You are not required to set yourself on fire to keep other people warm.
 

April 24, 2017 12:07 pm  #24


Re: What part hurts the most? Is it different between men/women?

Kel, as always you have an excellent grasp on how men think and feel.   At least from my perspective..  knowing that you can't group all men into the exact same bucket..  but I think you've hit the nail on the head for most of us.   I would guess you have also captured the truth about women.. for the most part.  


-Formerly "Lostdad" - I now embrace the username "phoenix" because my former life ended in flames, but my new life will be spectacular. 

 
     Thread Starter
 

April 24, 2017 12:34 pm  #25


Re: What part hurts the most? Is it different between men/women?

Kel did hit it on the head for the most part but I may be the anomaly here in that sex is a very important part of a relationship and it has really been hard on me to have that taken away.  I don't think I have ever said no to my husband back when we were sexual (he knew not to try at certain times) or in previous relationships.  I find sex to be one of the parts of a relationship that needs to be there to make it complete. I tolerated the lack of it because I kept thinking it would improve.  I know better now.

 

April 24, 2017 12:34 pm  #26


Re: What part hurts the most? Is it different between men/women?

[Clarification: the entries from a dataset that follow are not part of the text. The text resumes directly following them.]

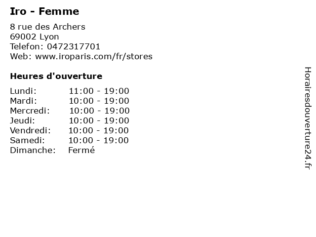 1 Claudie Pierlot (Distance: 0,00 km) 8 Rue des Archers, 69002 Lyon accessoires, claudie, mode, pierlot, prêt-à-porter, vêtements 3 American Vintage (Distance: 0,02 km) 11 Rue Emile Zola, 69002 Lyon american, femme, homme, mode, outlet, vintage 5 Liu Jo (Distance: 0,06 km) 9 Rue des Archers, 69002 Lyon accesoires, boutique, jo, liu, mode, vetements 6 |
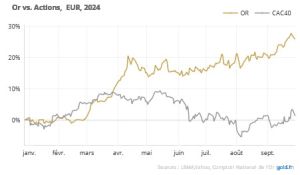 Le métal jaune fait largement mieux que le CAC40 qui est resté à l’équilibre en septembre (+0.06%). Même constat sur 2024 puisque l’indice parisien ne s’est apprécié que de 1.3%. Il faut remonter à 2010 pour trouver un tel écart de performance : cette année-là le métal jaune s’était apprécié de 37.7%, et le CAC avait reculé de 2.2%.
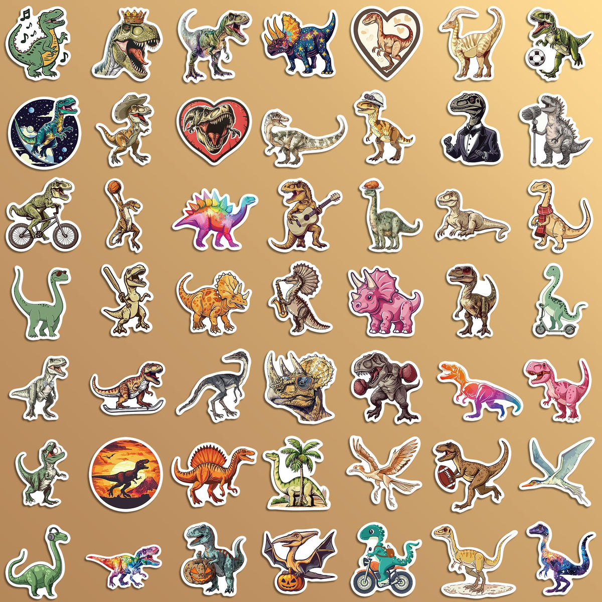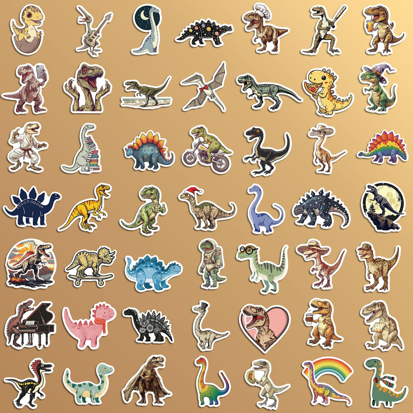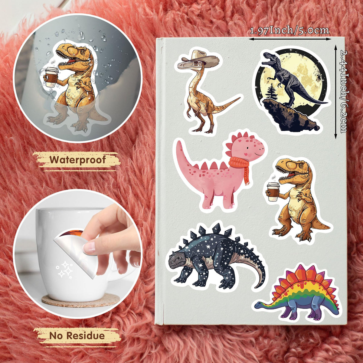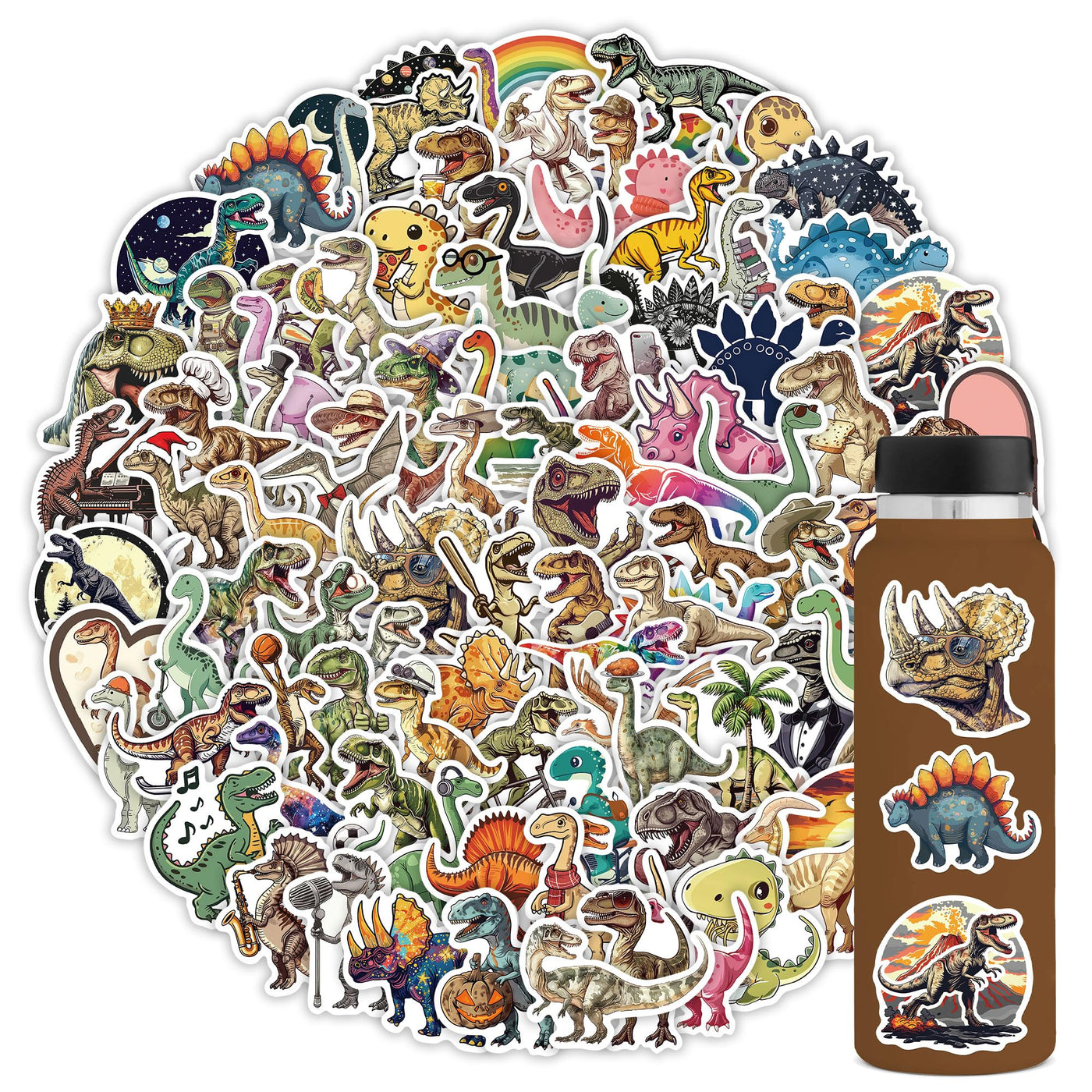 Q: How can I use these dinosaur stickers?A: These stickers can be used on various items such as hydroflasks, laptops, water bottles, skateboards, mugs, cars, luggage, bicycles, motorcycles, and for room decoration.
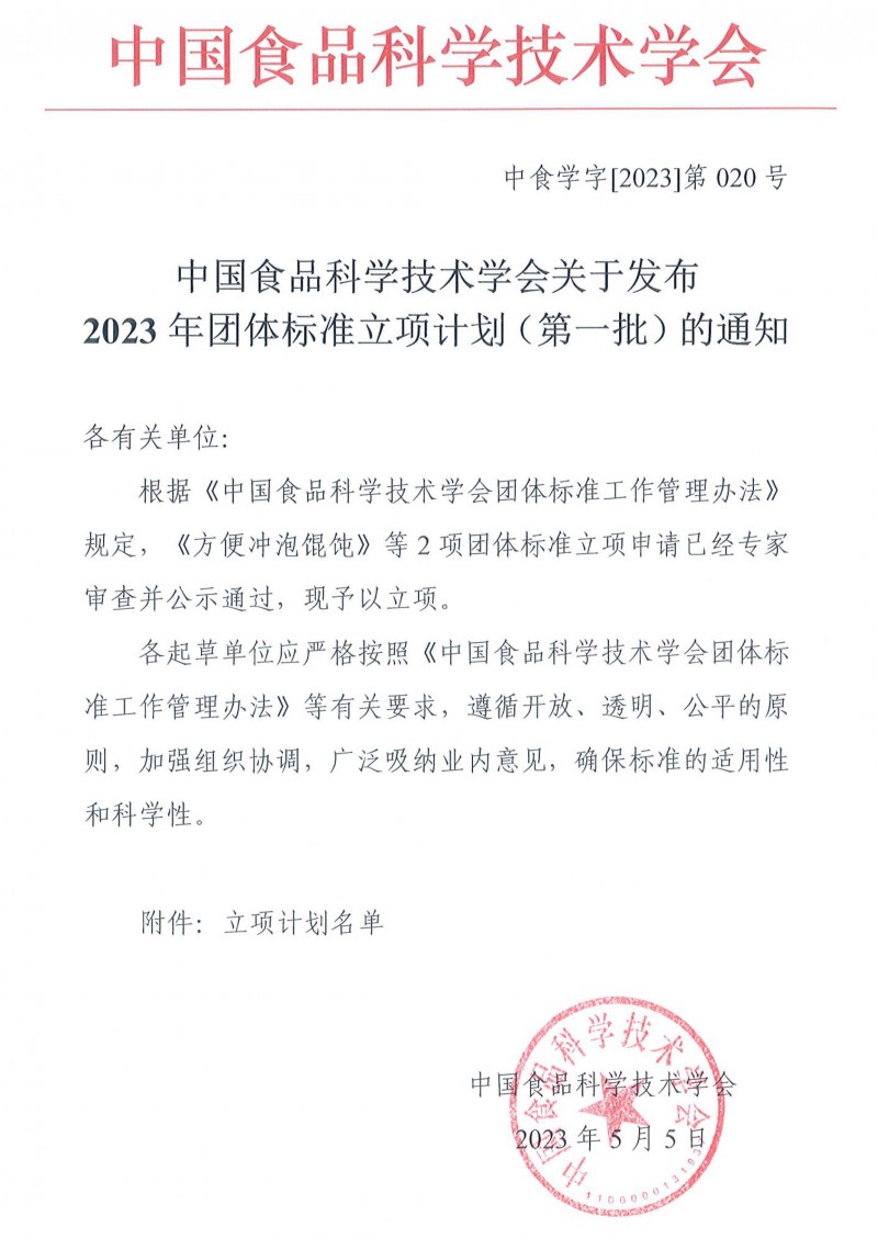 核心提示:中國食品科學技術學會關于發布2023年《方便沖泡餛飩》、《液體乳包裝用水煮型聚乙烯吹塑薄膜、袋》2項團體標準立項計劃(第一批)的通知(中食學字[2023]第020號)
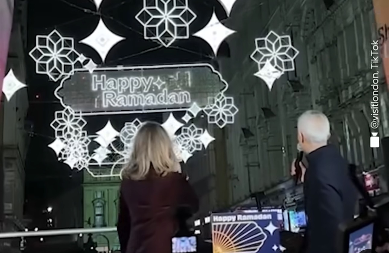 Londonski West End je ove sedmice zasjao u posebnom ruhu kada je gradonačelnik Sadiq Khan u petak navečer svečano upalio gradske svjetlosne dekoracije povodom ramazana, svetog mjeseca muslimana.

I swear to you that I didn't have any of this knowledge until I started dating again.  When I was in my 20's, men were all about the woman's looks, and I was never a winner at that game (being plus-sized).  I wanted to have meaningful conversation and really get to know someone and connect.  When I got back into the game again at 40, it took me a hot second to figure out that men aren't the same creature at 40 that they are in their 20's.  Now they know the value of personality and skills vs. just beauty and sex appeal.  Suddenly I had the advantage in this game!  I had plenty of conversations with men about how they think.  It was fascinating!  I had NO.IDEA that if a man crosses a room to come talk to you, he's already interested.  I'm sure that's simple-stupid stuff to a man, but that's not how we women work, so we interpreted everything through out own understanding.  I began to read up and learn and put together the pieces of how men think.  And by contrast, how women think.  I also learned that I'm somewhat of a hybrid in many ways.  My current husband is the one in our relationship who acts like something's wrong but will tell me it's nothing.  And I'm the one who is like, "I've got a bone to pick with YOU, mister!"  He also gets really pouty when his feelings have been hurt.  And will be very hurt if I forget something of his.  If he says the car needs to go into the shop this coming Sat. for new brakes, and then he kisses me goodbye at 10 am and I say, "Where are you going?" he'll be hurt.  Because that's his thing, and I've forgotten about it, so it must mean that he's not all that important to me.  Of course I'm like, "Just TELL me, dude! Don't make me guess and jump through hoops!"  So yeah - we are all variations of these generalities.  But I think I understand the bigger picture, finally.

Kel
 


You are not required to set yourself on fire to keep other people warm.